When you do that, you can make decisions informed by insights for more accurate forecasting and business-wide empowerment to identify, prioritize, and seize opportunities faster


2. What-if scenario planning.

Business agility is much easier when you reduce the unknowns lurking around the corner.

What-if scenarios are already incredibly powerful tools for today’s strategic decision- makers. Organizations can model different versions of the future based on predictive analytics, weighing different courses of action before choosing the best path forward.

But it’s a myth that what-if scenario planning needs to be complex in order to be effective. It can be as simple as tweaking a few performance projections to see how changed expectations impact other business outcomes.

For example, how would decreased sales in EMEA impact operating cash flow? Insights like that help decision-makers identify problems and prioritize solutions, to move the needle against important outcomes.

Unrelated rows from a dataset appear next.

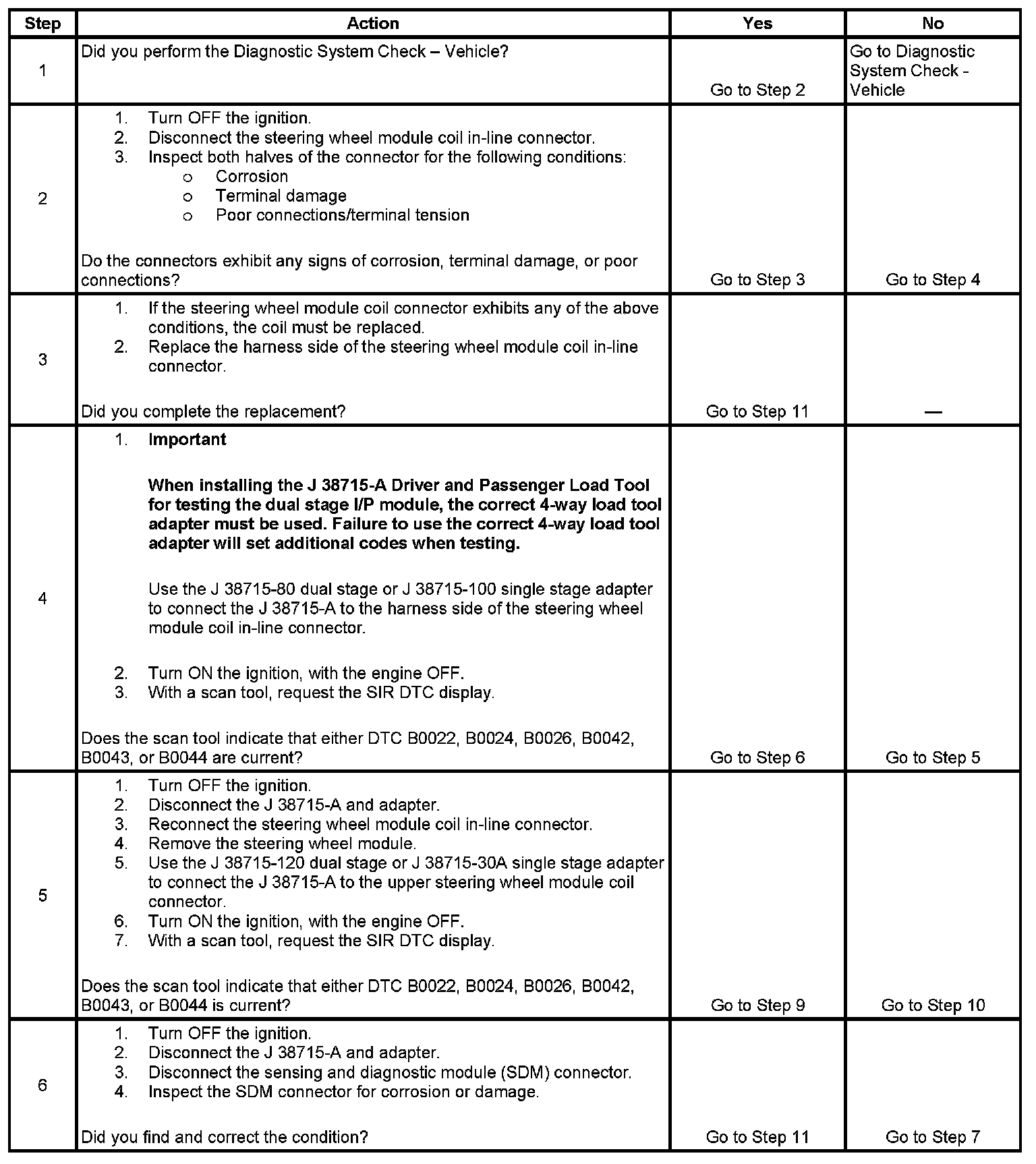 - DTC B0022 - stage 1 or B0042 - stage 2 will set when the steering wheel module deployment loop resistance is less than 1.3 ohms for 500 milliseconds.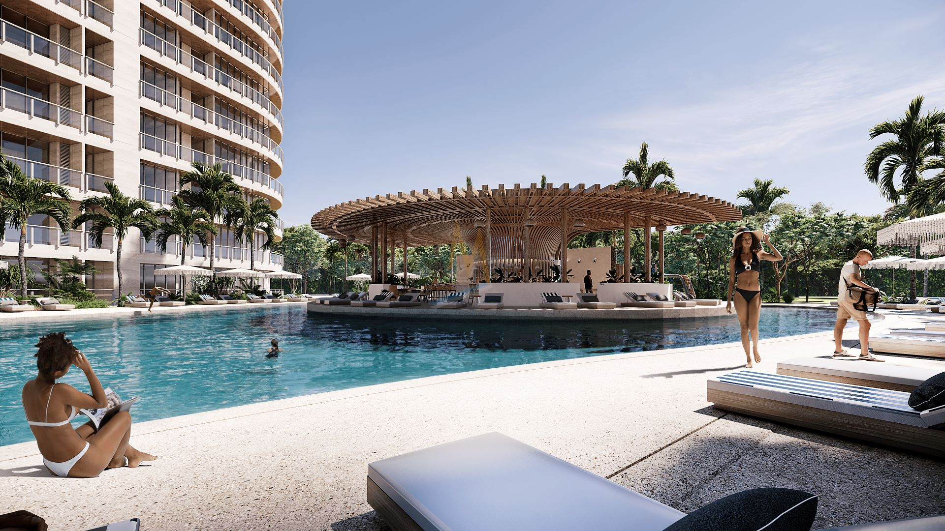 Casa club con: restaurante, kids club, sport bar, sala de cine y lounge para reuniones de trabajo.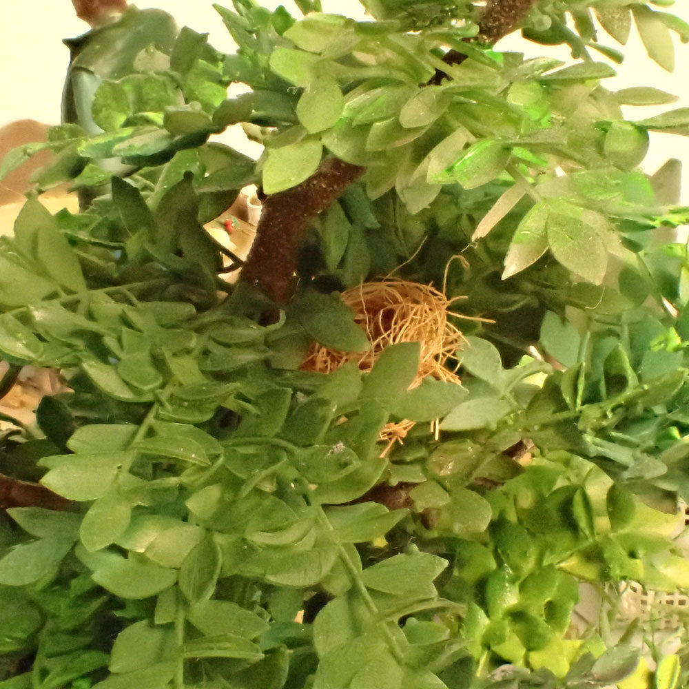 On the low table there is coffee and a fried egg bread made from resin clay.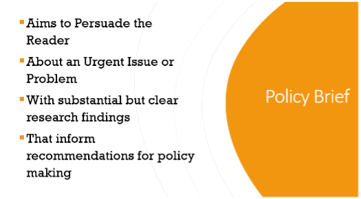 - Explain the purpose and nature of a Policy Brief as a genre of strategic writing.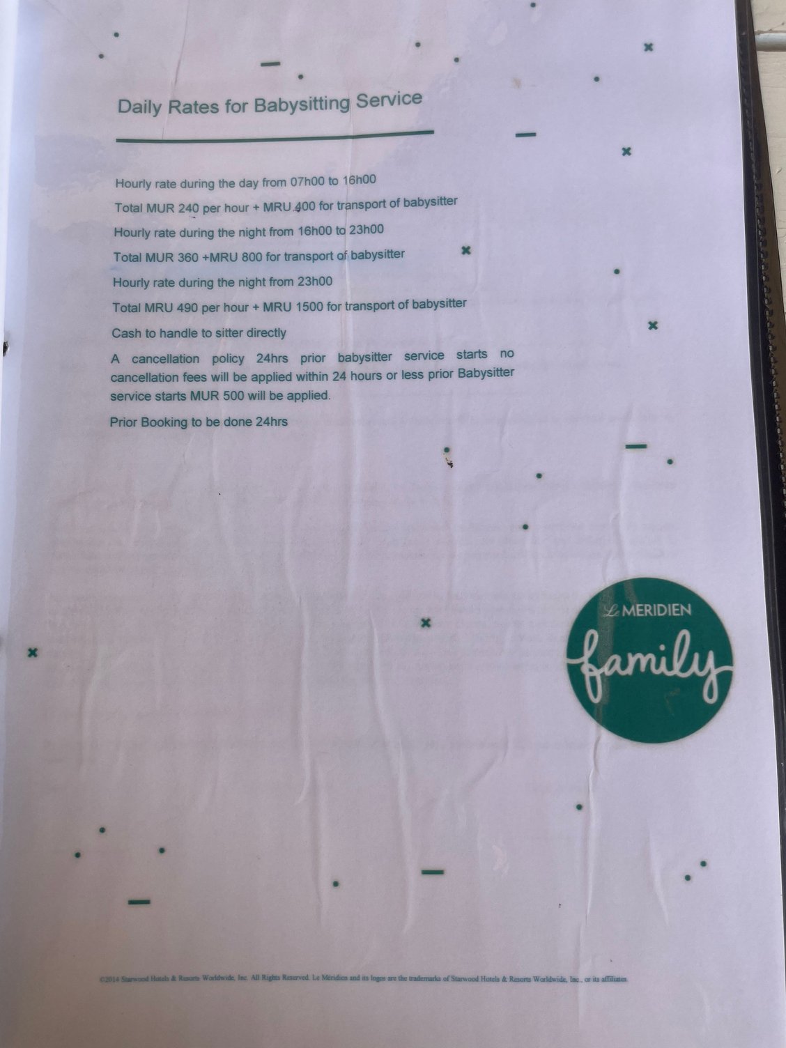 - kids under 4 require a dedicated babysitter which has to be booked one day in advanced. Rates are reasonable for the day and go up later (highest at night). See image below

That said, more advanced scenario planning can also become richer and broader, incorporating any combination of financial and non-financial inputs to continuously guide decision-making in real time.

Then you can start to answer more nuanced questions to better understand and prepare for the many possible futures ahead. For example, how would increased customer churn in EMEA impact employee retention? And how would declining retention impact our net promoter score? Does increasing support headcount solve the churn problem? Or would a loyalty program prove more profitable?

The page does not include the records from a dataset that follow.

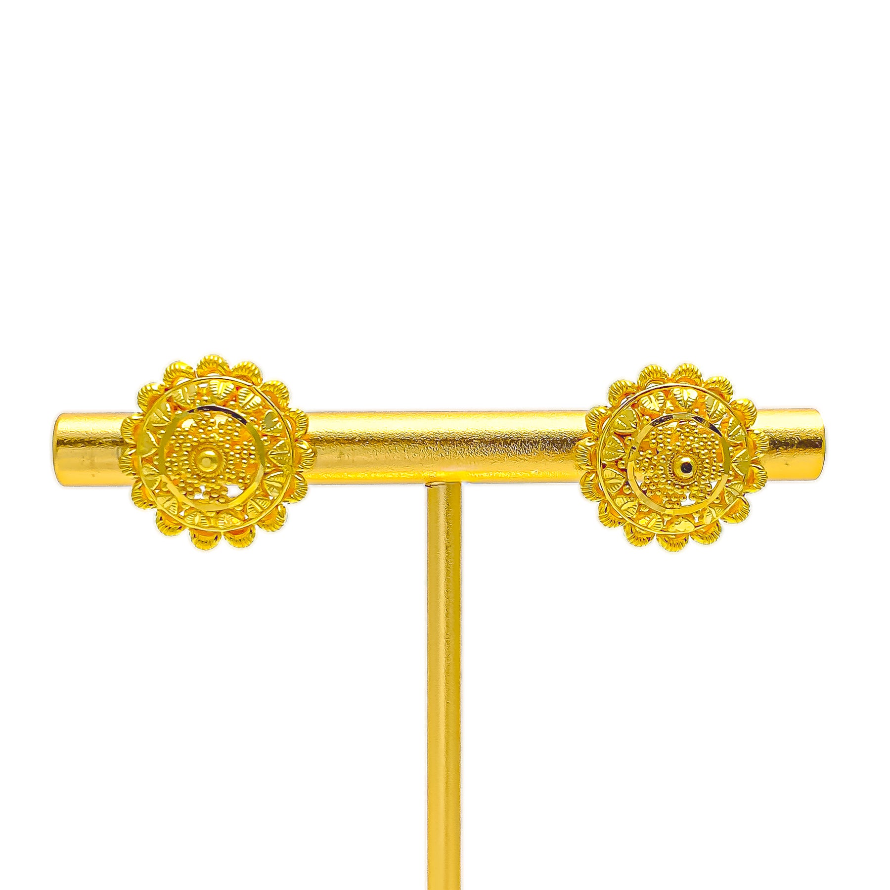 Refined and effortlessly elegant, these 22k yellow gold top earrings showcase a beautifully balanced design with a smooth, polished finish. Crafted with a graceful 0.5" diameter and a comfortable 4.4-gram gold weight, they offer understated sophistication ideal for everyday wear. The clean silhouette lends itself seamlessly to both casual ensembles and dressier looks. Completed with secure screw-back posts, they ensure reliable comfort and timeless appeal throughout the day.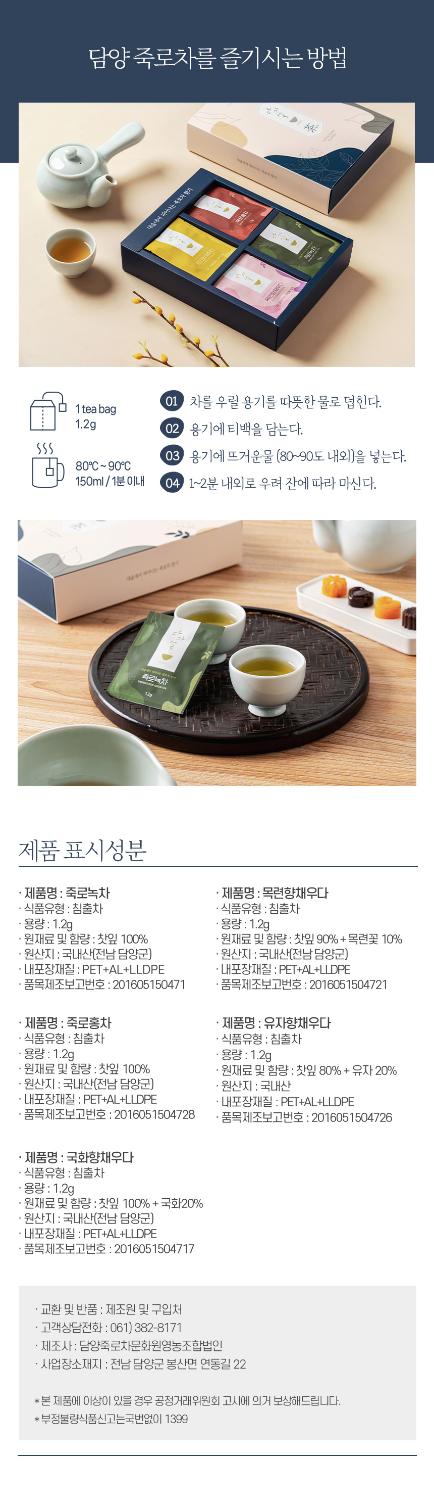 | 생산자 및 소재지(수입품의 경우 생산자, 수입자 및 제조국) | 담양죽로차문화원 |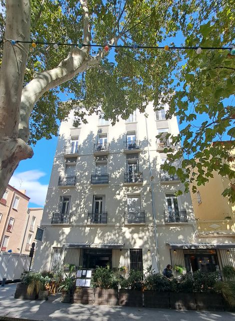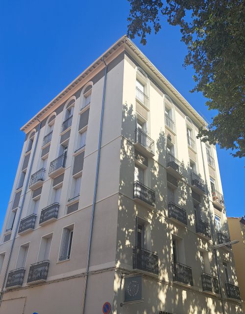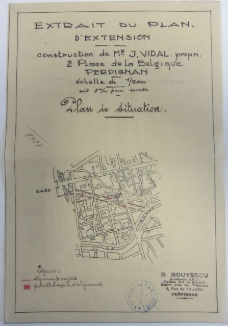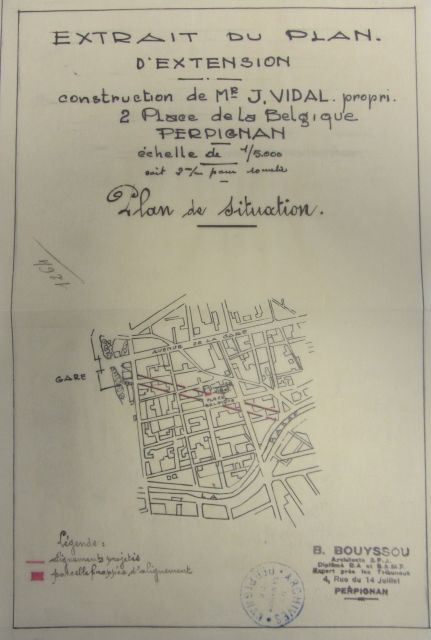 Le terrain sur lequel a été érigé cet immeuble dépendait à la fin du XIXe siècle de la métairie Conte dans le quartier de la Gare. Sur celui-ci sera édifié, au début des années 1880, un premier bâtiment élevé d’un étage sur rez-de-chaussée où sera exploité pendant quelques mois un Concert-Bijou (voir rubrique « Le saviez-vous » ?). Le bâtiment est revendu par Mme Albertine Biscahy veuve de M. Joseph Chapus à M. Joseph Vidal négociant et à Mme Joséphine Esplandiu son épouse le 10 octobre 1933 en l’étude de Me Arres notaire à Perpignan.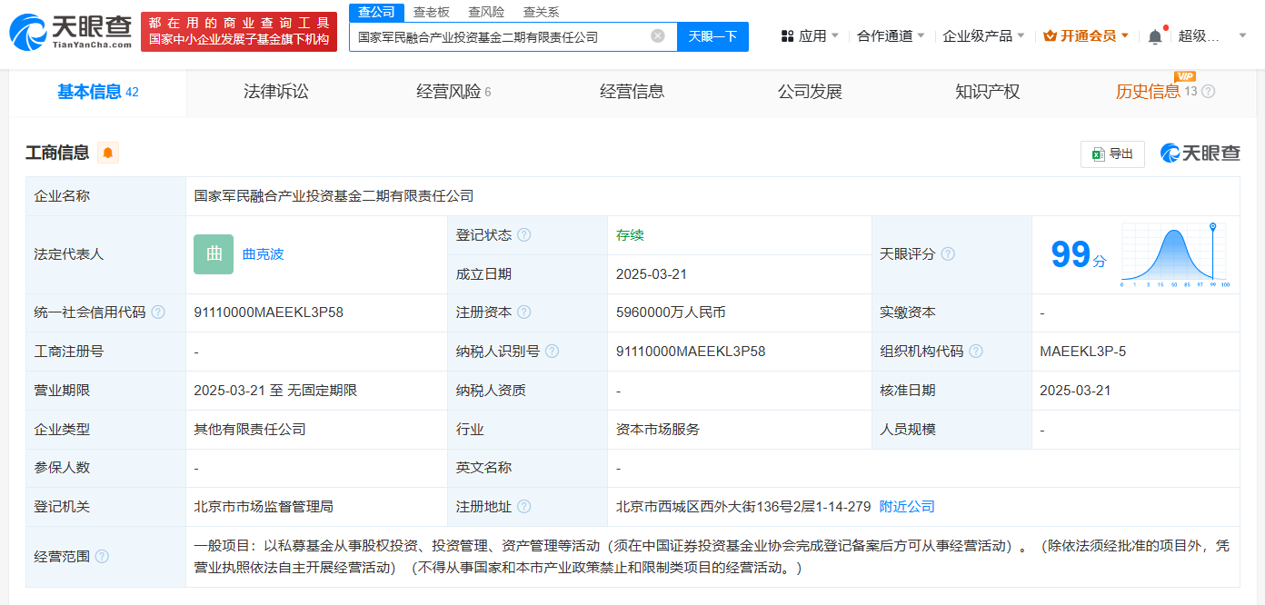 天眼查App显示,近日,国家军民融合产业投资基金二期有限责任公司成立,法定代表人为曲克波,注册资本596亿人民币,经营范围包括以私募基金从事股权投资、投资管理、资产管理等活动。股东信息显示,该公司由中华人民共和国财政部、北京金融街资本运营集团有限公司、中国航空工业集团有限公司、北京市政府投资引导基金(有限合伙)等共同持股。

“Scenario modelling based on a range of assumptions is a best practice …by envisioning and preparing for what’s ahead, organizations can be far more agile, proactive, and successful.” VP Analytics, Professional Services Firm


Evolving your what-if scenario planning


The enterprises that model the richest versions of the future accelerate fastest toward it. But, like rolling forecasts, traditional what-if scenario planning is held back by legacy planning tools and spreadsheets.


To start building richer and broader modeling capabilities, you need a specially engineered platform that can bring together all your financial, transactional, and operational data into a unified, dynamic data core.


Traditional scenario planning is also limited by the humans driving the creative process—the right people asking the right questions about the right data.


The next evolution for what-if modeling is beginning to see global outperformers leverage AI and machine learning to ingest vast amounts of financial and non-financial data from across the business, to automate high-volume, high-complexity modeling at scale. As this practice starts to become mainstream, the enterprises that are acting now to prepare their data and evolve will shift into a whole new gear.